A new site lets users create profiles for the different sides of their personality.
Facing the online world: Moli, a recently launched social-networking site, allows users to make profiles to represent different aspects of their personality. In the image above, a Roman coin depicts Janus, the Roman god of gates and doors, whose two faces, pointed in opposite directions, represent the transition between two times or places. Credit: Kunsthistorisches Museum, Wien |
Online social networks have allowed people to easily stay in touch with large groups of friends, but the flip side has been well publicized. Some users have struggled over what to do when certain people--such as a boss or an ex-boyfriend--ask to be listed as a friend on their profile. Adding someone as a friend gives him access to the user's profile, photos, and daily musings. Worries about privacy were renewed recently when Facebook's Beacon advertising initiative began broadcasting information about users' purchasing habits throughout its networks. (See "Evolving Privacy Concerns.") Now Moli, a recently launched social-networking site, aims to win over concerned users. President and COO Judy Balint says that the site is intended for a more mature audience than the teenagers targeted by many social-networking websites. Directed at users who are trying to balance personal and professional networks, Moli offers multiple profiles--with different privacy settings--within one account.
"As we get a little bit older in our lives, none of us have the time anymore to spend going to 5, 10, or 15 different sites," Balint says. "So what we tried to do was combine the functionality into one account, so that you can go there and do everything that you need."
Users of Moli can set up as many profiles as they want, and they can choose to make them public, private, or hidden. Anyone, whether he has signed up for Moli or not, can search for and view a public profile. A private profile will show up on searches, but to access it, a user must be a member of Moli and must have approval from the profile's owner. A hidden profile is invisible in searches and can only be viewed by people invited by the owner. Balint says that users are free to set up multiple profiles of various types, with the requirement that they must designate at least one public profile.
Balint says that the site is also intended to appeal to small-business owners, who can use it to set up an intranet and extranet for free. For a fee, businesses can run a store through Moli.

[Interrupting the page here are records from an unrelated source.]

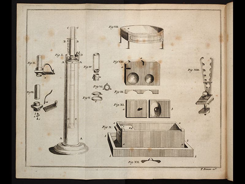 We have Ingenhousz's Experiments upon Vegetables in the History of Science Collection (second image). There is only one plate in that volume, which illustrates Ingenhousz’s experimental apparatus (third image). Much of his experimenting took place at Bowood House in Wiltshire, the estate of the Marquis of Landsdowne, whom Ingenhousz apparently served briefly as tutor. Interestingly, he succeeded Joseph Priestley at that position, and Priestley discovered oxygen in the very room where Ingenhousz deduced that oxygen is produced by green plants in sunlight.
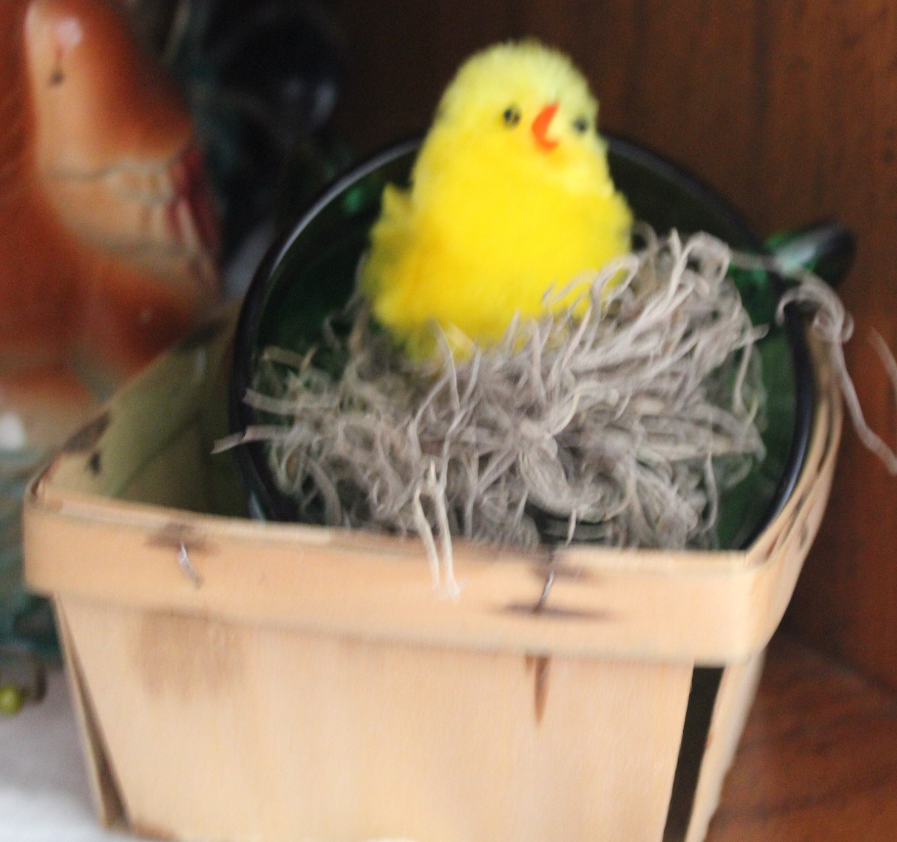 Cute thrifted Chenille yellow chick sits in a nest of shredded newspaper, (saw this idea on You-Tube.)
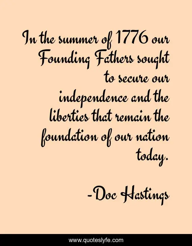 This page presents the quote "In the summer of 1776 our Founding Fathers sought to secure our independence and the liberties that remain the foundation of our nation today.". Author of this quote is Doc Hastings. This quote is about foundation, today, summer,.
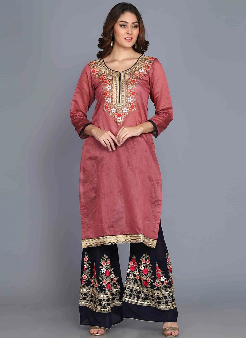 Be the centre of attention in this dusty pink chanderi silk kurta sharara set. This lovely kameez comes with machine embroidery work on the dress and crafted with round neck and three fourth sleeves looks chic. This set comes with black georgette with machine embroidery sharara pant bottom.achine embroidery sharara pant bottom.
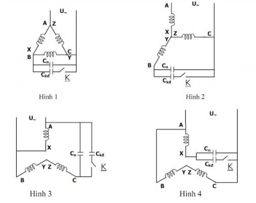 - Các sơ đồ nguyên lý chuyển đổi đấu motor 3 pha thành 1 pha
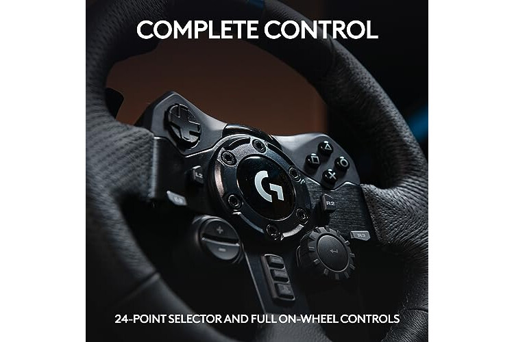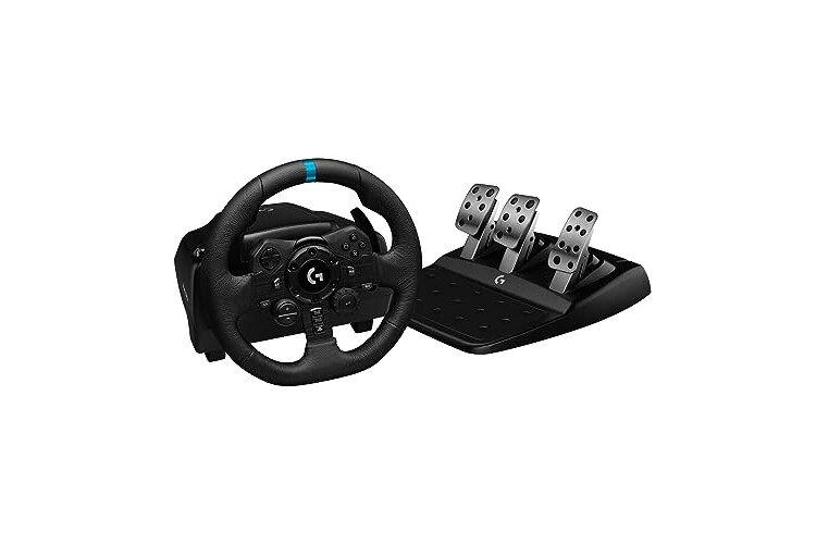 Logitech G923 Racing Wheel and Pedals, TRUEFORCE up to 1000 Hz Force Feedback, Gaming Steering Wheel PS5, PS4, PC, Mac, Genuine Leather- Black

Alessandro Acquisti, an assistant professor in information systems and public policy at Carnegie Mellon University, says that, while it's not clear how people will behave on Moli, his research has shown increasing attention to privacy among Facebook users. Studies that he performed on Facebook privacy settings in 2005 and 2006 showed that the vast majority of users left the defaults in place. However, more recent studies have shown that users are now much more likely to adjust those settings than they were in the past. "It's probably because of media attention [to privacy concerns], and more mature people coming into Facebook, and because more time using the technology makes people more sophisticated about data," Acquisti says. However, he notes that, although users may be getting savvier about online privacy, a social network geared toward privacy will still be made or broken by whether it can attract a critical mass of users to the network in the first place.

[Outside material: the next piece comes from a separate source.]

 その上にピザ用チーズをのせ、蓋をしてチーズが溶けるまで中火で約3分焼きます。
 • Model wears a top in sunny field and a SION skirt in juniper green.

Michael Zimmer, a fellow at the Information Society Project at Yale Law School, says that he thinks the type of privacy controls offered by Moli will be useful to a certain part of the population. "I'm sort of surprised that it's taken someone this long to let me, through one login, manage multiple identities and personas online," he says. Zimmer notes that it's important for users to feel at ease with privacy controls: he says that he considers some of Facebook's controls, for example, too complex for many users. However, he says, managing who sees what profile information is only "one half of the coin." The other half, as brought out by Beacon, involves what information the site itself has about users, and what the company does with that information. He notes that Moli's strengths in terms of profile management may lead users to trust the site with more personal information than they might otherwise give, and the company would have that information linked to a common e-mail and a common login. Zimmer says that for maximum privacy control, he would like a site to allow him to view what data is being stored about him and to opt in and out.

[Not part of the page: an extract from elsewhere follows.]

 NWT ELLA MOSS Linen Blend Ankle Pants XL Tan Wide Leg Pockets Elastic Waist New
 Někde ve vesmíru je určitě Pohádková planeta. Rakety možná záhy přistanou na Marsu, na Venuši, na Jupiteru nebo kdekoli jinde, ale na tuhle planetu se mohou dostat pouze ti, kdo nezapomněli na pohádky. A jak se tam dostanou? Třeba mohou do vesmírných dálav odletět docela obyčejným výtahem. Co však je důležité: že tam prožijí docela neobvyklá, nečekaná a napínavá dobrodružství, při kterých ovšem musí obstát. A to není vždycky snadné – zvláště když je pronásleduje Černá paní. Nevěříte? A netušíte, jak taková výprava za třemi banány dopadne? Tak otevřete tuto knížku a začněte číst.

While Moli does store demographic information about users' activities on the site, Balint says that information is not stored in a personally identifiable way. The site keeps track of how many users of a certain age, for example, access a profile. Users (particularly small-business owners marketing through Moli) can also access this basic demographic data. Balint says that the company developed its own technology to extract demographic data from people visiting profiles without also extracting personally identifiable data. For example, she says, the company keeps statistics on how many females visit a profile, and how many people visit who are in their late twenties, but it does not combine the variables.
Moli recently announced nearly $30 million in new funding from a group of private investors. The company plans to make money through advertising, as well as through small monthly fees paid for premium services, such as the checkout option for small-business owners.